What to produce:
Skip every picture, and copy exactly the lines from the one containing "Gay WeddingOur first" to the end of the data.

Data block:
-*-*-

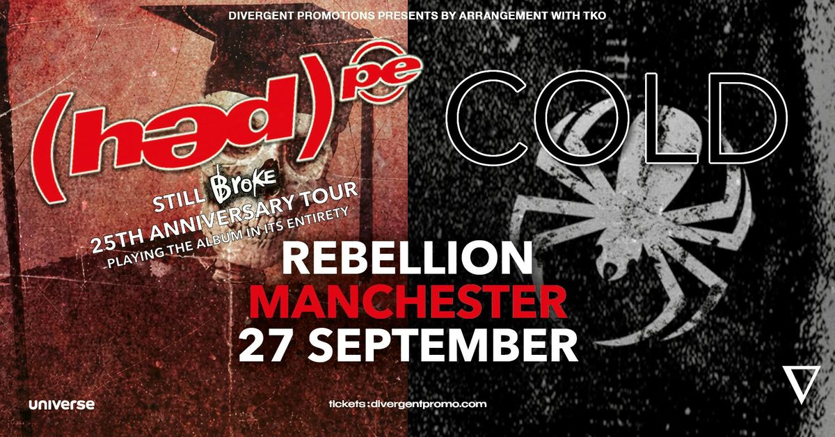 Divergent Promotions are pleased to announce that HED P.E. and COLD will be hitting the UK together in September and October! Legendary Southern California G-punk pioneers (Hed) e. were known for their raw, brutalhonesty, raunchy lyrics, and often outlandish sense of humor. During their rise amid the nu-metal ranks, (Hed) p.e. shows often united fans and were a giant middle finger to the corporate rock that was ruling the airwaves in the late 90s and early 2000s.
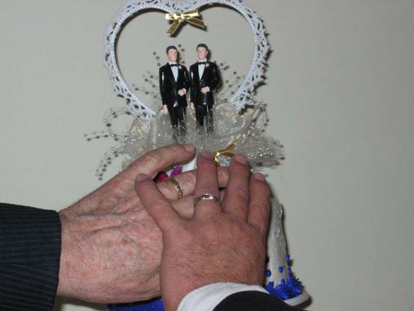Gay WeddingOur first gay wedding, uniting our friends George & Butch. It was all very tastefully done. Instead of a father marching his daughter down the aisle, in this case each family marched their son to the front of the church. It wasn't a "giving away" - it was a "coming together". And, of course, the minister could not say, "in the powers vested in me" or "I now pronounce you man and wife". I think she said, "Partners for life".
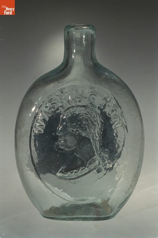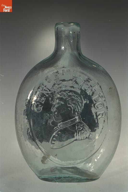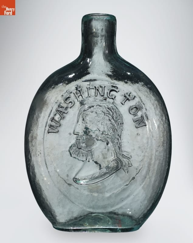 Whether depicted as commander-in-chief, the first president of the United States, or a symbol of the republic, George Washington is a common likeness on early American flasks. Washington appears on 72 recorded flask designs--more than any other person. This example depicts Washington as a classical statesman with major general Zachary Taylor, who became the 12th United States president in 1849.
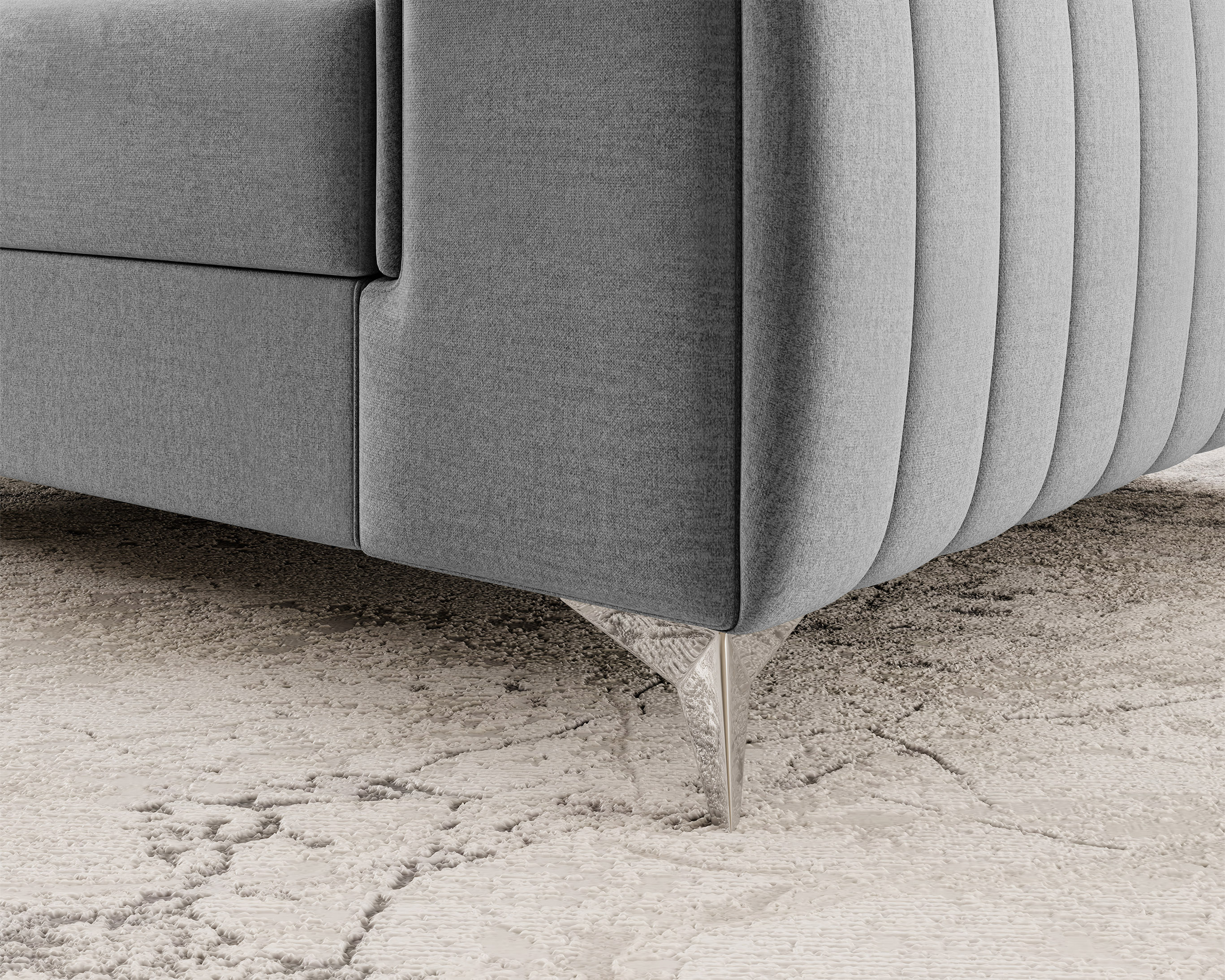 Křeslo Laurance v dezénu Nube 3 má sedák tvořený polyuretanovou pěnou T30, HR pěnou a vlnovou pružinou typu B. Opěradlo křesla jsou vyplněné pěnou T2540. Potahová látka NUBE: odolná a pevná, hladký povrch s odleskem, voděodolná. Křeslo má polohovatelnou opěrku hlavy a čalouněná záda. Nohy z pochromované oceli ve stříbrné barvě jsou 9 cm vysoké.

-*-*-

Problem solution:
Gay WeddingOur first gay wedding, uniting our friends George & Butch. It was all very tastefully done. Instead of a father marching his daughter down the aisle, in this case each family marched their son to the front of the church. It wasn't a "giving away" - it was a "coming together". And, of course, the minister could not say, "in the powers vested in me" or "I now pronounce you man and wife". I think she said, "Partners for life".
 Whether depicted as commander-in-chief, the first president of the United States, or a symbol of the republic, George Washington is a common likeness on early American flasks. Washington appears on 72 recorded flask designs--more than any other person. This example depicts Washington as a classical statesman with major general Zachary Taylor, who became the 12th United States president in 1849.
 Křeslo Laurance v dezénu Nube 3 má sedák tvořený polyuretanovou pěnou T30, HR pěnou a vlnovou pružinou typu B. Opěradlo křesla jsou vyplněné pěnou T2540. Potahová látka NUBE: odolná a pevná, hladký povrch s odleskem, voděodolná. Křeslo má polohovatelnou opěrku hlavy a čalouněná záda. Nohy z pochromované oceli ve stříbrné barvě jsou 9 cm vysoké.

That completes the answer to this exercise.